Nel frattempo la geografia delle concessioni autostradali mutava e l’impero Gavio si estendeva, fino a comprendere interamente la Torino - Milano, vera gallina dalle uova d’oro. Mentre la “strategica” AT-CN si dimostrava sempre più una palla al piede.
A meno che…
Fu in quel periodo che si fece strada la pensata del “cross financing”.
Un’idea in fondo ragionevole: se una tratta autostradale non riesce a ripagarsi con i propri pedaggi, aumentiamo le tariffe su una sorella con più appeal e utilizziamo il surplus per quella negletta.
Un accordo che deve avvenire in famiglia, e la famiglia di Gavio era in quelle condizioni.
La possibilità del finanziamento incrociato fu introdotta per legge nel decreto “sblocca Italia” del 2014.

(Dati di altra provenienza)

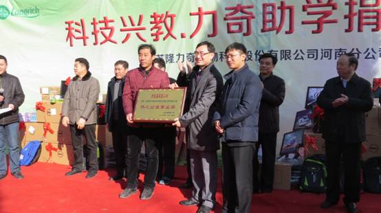隨后大家一同將20臺(tái)電腦、80個(gè)書包文具盒等總價(jià)值10萬(wàn)余元的學(xué)習(xí)用品頒發(fā)到學(xué)生手中,并祝福小朋友們健康快樂(lè)成長(zhǎng)。蔡寨小學(xué)的孩子們?yōu)榱吮硎緦?duì)隆力奇愛(ài)心捐贈(zèng)的感謝, 特意準(zhǔn)備了舞蹈、詩(shī)歌朗誦。同時(shí),校長(zhǎng)郭秀峰為隆力奇河南分公司頒發(fā)了熱心事業(yè)公益獎(jiǎng)牌。此次捐贈(zèng)活動(dòng),我們不僅是帶來(lái)了電腦,更是為孩子們帶來(lái)了歡樂(lè) , 我們真正想要的并不是榮譽(yù)證書,而是孩子們能夠更好地享受教育。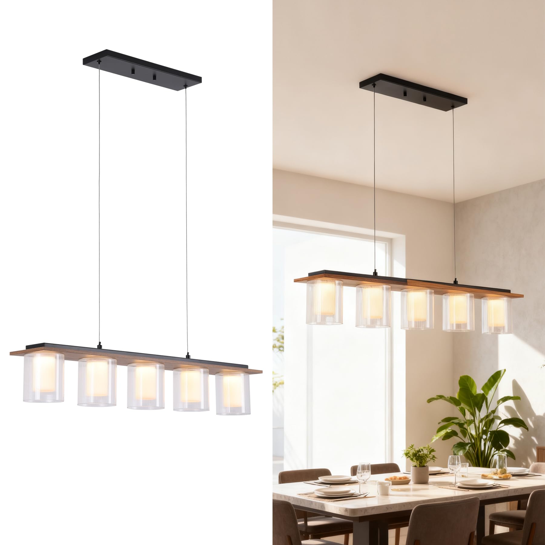 Kitchen Island Lighting, 35-Inch Linear Pendant Light with Double Glass Shades, Matte Black & Wood
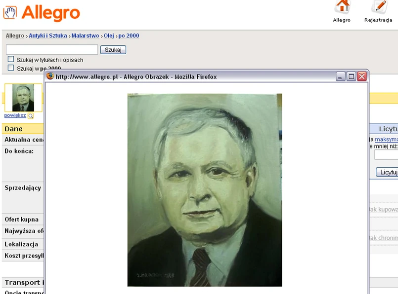 Allegrowicz lukasz22011990 raczej nie bawi się w politykę. Po prostu robi biznes i sprzedaje portrety znanych ludzi, jak leci. Ma w swojej ofercie Kaczyńskiego, Tuska, Małysza, Boruca, Kubicę, Jana Pawła II i Piłsudskiego. Z przebiegu licytacji wynika, że Polacy najbardziej cenią marszałka - 26 zł plus koszty wysyłki.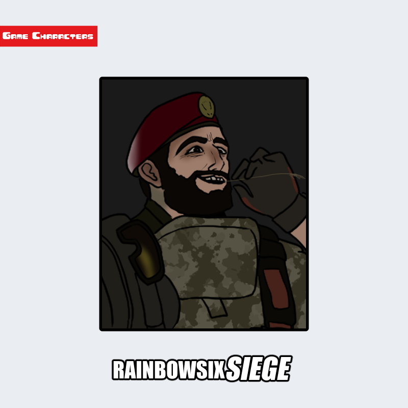 『レインボーシックスシージ』に登場するマエストロは、戦場での監視と制圧を目的とした装備を持つ防衛型オペレーターである。画像では、赤いベレー帽をかぶり、厚手の迷彩服と防弾ベストを着用している。顔には濃い髭を蓄え、表情は自信と冷静さを感じさせる構造をしている。胸部と肩部の装備は重量感があり、光学機器を操作する際の安定性を重視した設計と見られる。「重装観測型」に分類され、実戦的な装甲と指揮官的存在感を併せ持つデザインとなっている。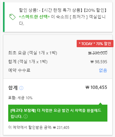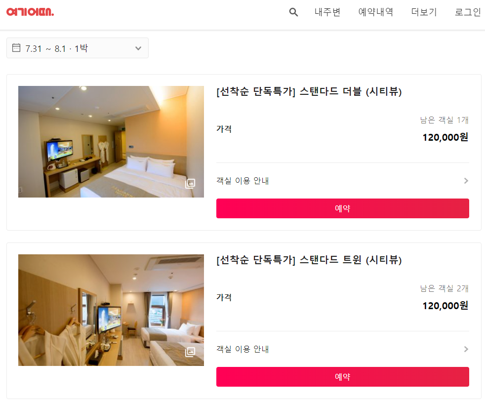 (특히 각 온라인 예약 서비스는 개인의 멤버쉽에 따라 보이는 가격이 다를 수 있다.)

La commissione europea sentì puzza di bruciato. Non fu un intervento da “burocrati”, come venne troppo banalmente raccontato. L’Unione Europea difende la concorrenza come un bene essenziale a tutela degli interessi del cittadino contro quelli dei grandi monopolisti. La commissaria Margrethe Verstager esaminò il progetto, sulla base delle informazioni che le arrivarono da parte delle strutture del ministero dei Trasporti; il 4 luglio del 2017 sottoscrisse un accordo con il governo (ministro Del Rio) che prevede una revisione del progetto del pezzo mancante della At-CN (quindi diminuzione dei costi), il prolungamento della concessione della To-Mi e l’aumento dei pedaggi su questa tratta.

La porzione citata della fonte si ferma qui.